Fire is less common in desert biomes than in temperate grasslands because deserts have low net primary productivity and, thus, very little plant biomass to fuel a fire.
In what ways are the subtropical desert and the arctic tundra similar?
Both the subtropical desert and the arctic tundra have a low supply of water. In the desert, this is due to extremely low precipitation, and in the arctic tundra, much of the water is unavailable to plants because it is frozen. Both the subtropical desert and the arctic tundra have low net primary productivity.
44.4: Aquatic Biomes
Like terrestrial biomes, aquatic biomes are influenced by a series of abiotic factors. The aquatic medium—water— has different physical and chemical properties than air, however. Even if the water in a pond or other body of water is perfectly clear (there are no suspended particles), water, on its own, absorbs light. As one descends into a deep body of water, there will eventually be a depth which the sunlight cannot reach.
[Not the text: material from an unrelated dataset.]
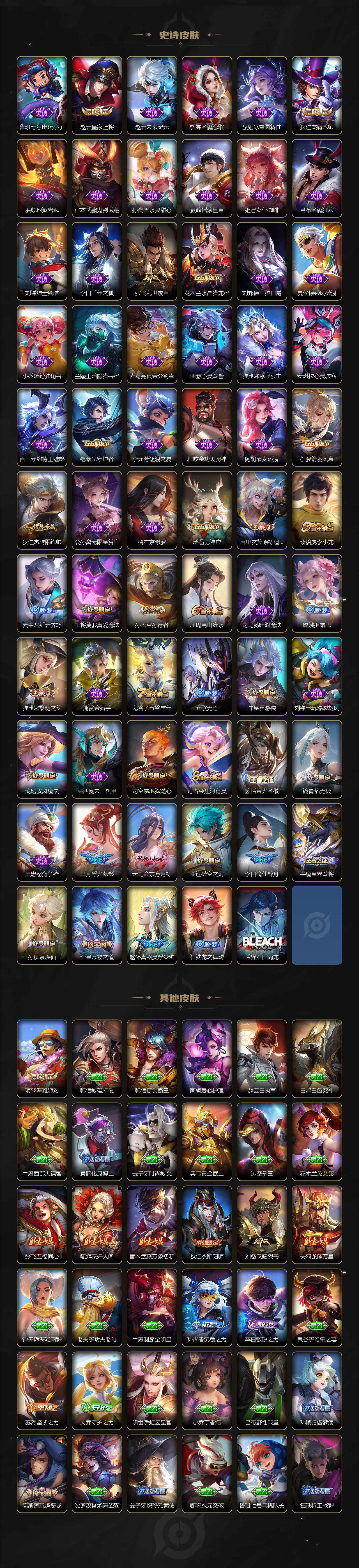 【史诗皮肤】:鲁班七号电玩小子,赵云皇家上将,赵云未来纪元,貂蝉圣诞恋歌,甄姬冰雪圆舞曲,狄仁杰魔术师,廉颇地狱岩魂,宫本武藏鬼剑武藏,孙尚香水果甜心,嬴政摇滚巨星,妲己女仆咖啡,吕布圣诞狂欢,刘禅绅士熊喵,李白千年之狐,张飞乱世虎臣,花木兰水晶猎龙者,刘邦德古拉伯爵,夏侯惇乘风破浪,小乔缤纷独角兽,兰陵王暗隐猎兽者,诸葛亮黄金分割率,亚瑟心灵战警,雅典娜冰冠公主,安琪拉心灵骇客,百里守约特工魅影,铠曙光守护者,李元芳逐浪之夏,程咬金功夫厨神,阿轲节奏热浪,伽罗箭羽风息,狄仁杰鹰眼统帅,公孙离无限星赏官,橘右京修罗,瑶遇见神鹿,百里玄策原初追逐者,裴擒虎李

Where would you expect to find the most photosynthesis in an ocean biome?
- aphotic zone
- abyssal zone
- benthic realm
- intertidal zone
A key feature of estuaries is:
- low light conditions and high productivity
- salt water and fresh water
- frequent algal blooms
- little or no vegetation
Scientists have discovered the bodies of humans and other living things buried in bogs for hundreds of years, but not yet decomposed. Suggest a possible biological explanation for why such bodies are so well-preserved.
Bogs are low in oxygen and high in organic acids. The low oxygen content and the low pH both slow the rate of decomposition.
Describe the conditions and challenges facing organisms living in the intertidal zone.
Organisms living in the intertidal zone must tolerate periodic exposure to air and sunlight and must be able to be periodically dry. They also must be able to endure the pounding waves; for this reason, some shoreline organisms have hard exoskeletons that provide protection while also reducing the likelihood of drying out.
44.5: Climate and the Effects of Global Climate Change
All biomes are universally affected by global conditions, such as climate, that ultimately shape each biome’s environment. Scientists who study climate have noted a series of marked changes that have gradually become increasingly evident during the last sixty years. Global climate change is the term used to describe altered global weather patterns, including a worldwide increase in temperature, due largely to rising levels of atmospheric carbon dioxide.
Which of the following is an example of a weather event?
- The hurricane season lasts from June 1 through November 30.
- The amount of atmospheric CO2 has steadily increased during the last century.
- A windstorm blew down trees in the Boundary Waters Canoe Area in Minnesota on July 4, 1999.
- Deserts are generally dry ecosystems having very little rainfall.
Which of the following natural forces is responsible for the release of carbon dioxide and other atmospheric gases?
- the Milankovitch cycles
- solar intensity
- burning of fossil fuels
Compare and contrast how natural- and human-induced processes have influenced global climate change.
Natural processes such as the Milankovitch cycles, variation in solar intensity, and volcanic eruptions can cause periodic, intermittent changes in global climate. Human activity, in the form of emissions from the burning of fossil fuels, has caused a progressive rise in the levels of atmospheric carbon dioxide.
Predict possible consequences if carbon emissions from fossil fuels continue to rise.
If carbon emissions continue to rise, the global temperature will continue to rise; thus, ocean waters will cause the rising of sea levels at the coastlines. Continued melting of glaciers and reduced spring and summer meltwaters may cause summertime water shortages. Changes in seasonal temperatures may alter lifecycles and interrupt breeding patterns in many species of plants and animals.